Design constraints often morph with lessons learned from the prototype.
Can we just assume that every board design is going to be a nonlinear effort? While we know that everything is subject to change except the tape-out date, there are a few ways we can taxi toward the runway of product launch.
Today's supply chain is tighter than the one in the textbooks on product management. The printed circuit boards are often in the critical path, whether they are test jigs for prototypes or the final mass-production units. A schedule slip on P1 cascades to P2 and everything gets compressed. Execution is essential. Otherwise, we won't have time to learn the lessons of the first iteration before committing to the next.
This creates a dynamic where there are likely to be updates to the schematic at different points in the layout cycle. When we're designing something that is new from the ground up, we make educated guesses and assumptions about almost everything. Chips don't lie and can't fix themselves after a layout that doesn't "let them eat."
Keep 'everyone' in the loop for drastic revisions. Fundamental lessons learned on the initial design are inevitable. Thus, the designer must be able to create a second revision where it doesn't appear to have bug-fixes slapped on top of the first try. An example of this is when an analog circuit needs to have a series element added.
Components drive circuit layout, but PCB designers are here to stay.
Like almost everything these days, the art of PCB design has its underpinnings in data. We're data driven – and swamped in a sea of information. Some of my favorite info is found on the literature offered up by the printed circuit fabricators. We get what's called a technology roadmap. While maps usually refer to geography, these roadmaps show the way into the future.
Open one up and it looks like a spreadsheet with physical attributes on the y-axis and calendar years filling up the rows. The numbers are sorted into columns with the values decreasing over time. The left column of data provides today's mainstream values for important characteristics of the circuit board.
We focus on minimum air gaps and line widths for inner and outer layers. Machining tolerances, dielectric thickness numbers, and so on are at their highest in the first column. Mass production boards should have technology that is aligned with standard processes.
When Google launched the first Chromecast dongle, Flextronics was the ODM. It owned Multek back then, which had five fabrication plants. Each site had different equipment and cost structures. To use its bottom-tier factory, we couldn't stack microvias, so I had to spin the board to stair step the 1-2 and 2-3 vias. The more price-conscious you are, the more you go for older factories.
TECs can be a countermeasure to high current density.
Thermoelectric cooling, or TEC, is seen as a breakthrough in small refrigerators that do not consume a lot of power. Sporting goods stores carry micro-fridges that plug into a car's weird circular power plug.
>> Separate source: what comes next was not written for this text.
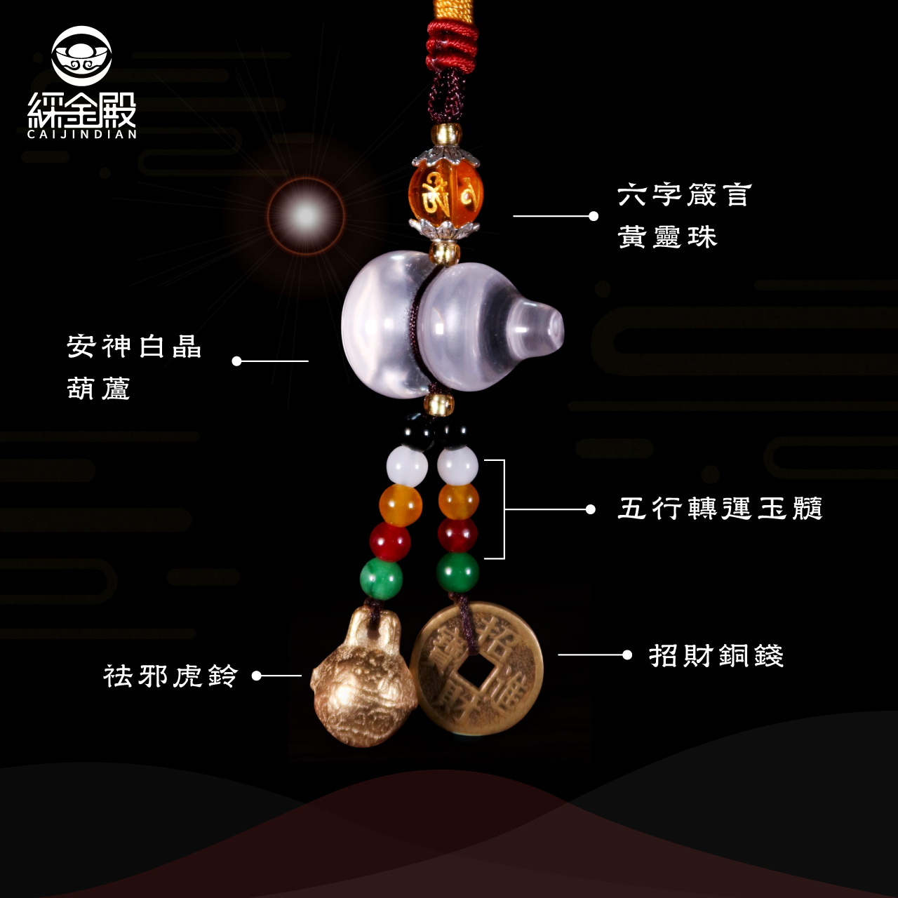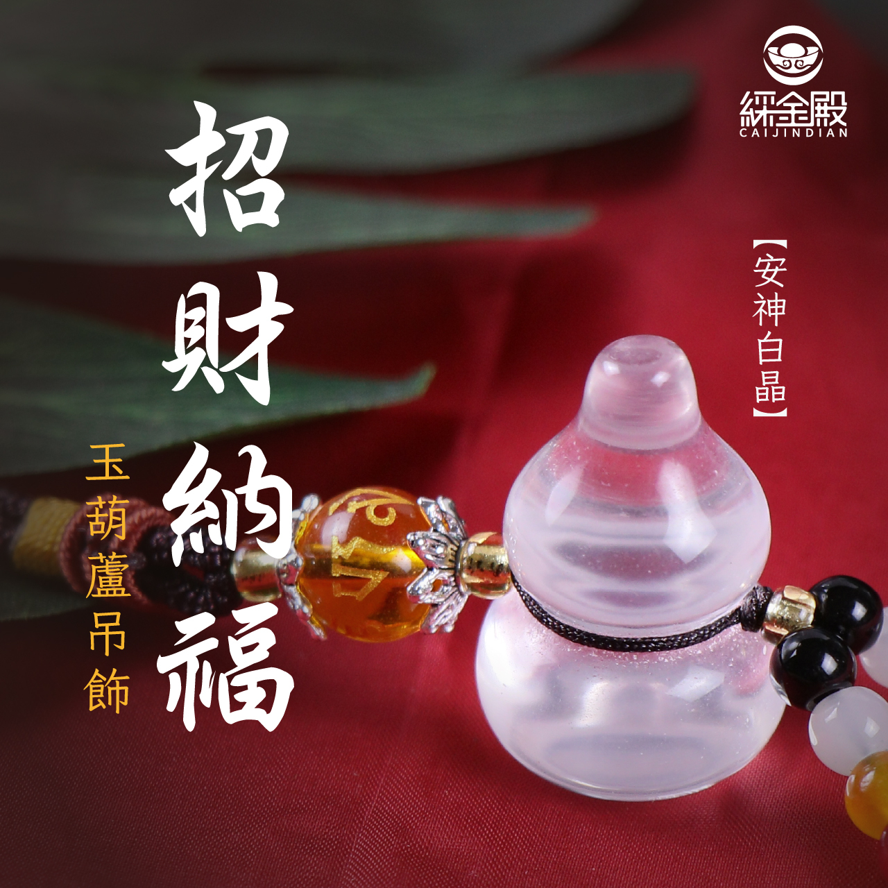 招財納福玉葫蘆吊飾-安神白晶|穩定情緒|淨化磁場|《含過爐》【綵金殿】

Some of us – not me, of course – can remember when those plugs were used to create a glowing hot element to light cigarettes. Getting cold out of the same socket took a little more technology than creating a short circuit.
Where would you use a TEC device? Aside from keeping a six-pack (or a transplant organ) on ice, electronics can be kept at a reasonable operating temperature with the addition of a component or a cold plate like the one in. It is 40mm square and 3.2mm thick. The basic function is that it gets cold on one side while getting warm on the other. Put it in the other way to warm up the contents. This can be placed below the board or above the high load component if it has a flat top. More remote placement is possible by incorporating a heat spreader. We'll circle back to that shortly.
Leave more metal behind.
Being cool used to be easy. Modern times call for a more comprehensive approach to keeping the lights on when it comes to our PCB layouts. The early days of electronics saw through-hole components bearing a single transistor that sat well above the board much like a water tower commands the skyline in a pastoral setting.
The device was free to blow off as much steam as required without scorching the stuff we call FR-4. Fun fact: Did you know that the FR in FR-4 stands for “fire retardant” and that 4 is the number of iterations that lead to the resin/glass combo that undergirds our industry’s history to this day? The material is rated by its ability to withstand high temperatures without breaking down.
One of the most important characteristics of FR-4 is the glass transition temperature, or Tg, where the material simply melts down and fails. It is measured in centigrade, and a working number is between 140° and 170°. That will not be sufficient for extreme environments and hard-working chips. There may be exceptions but you’re nominally looking at exotic dielectric materials that are meant to cater primarily to data centers and broadcast scenarios. The ancient art of ceramics plays a part in withstanding higher temperatures for devices and PCB laminates.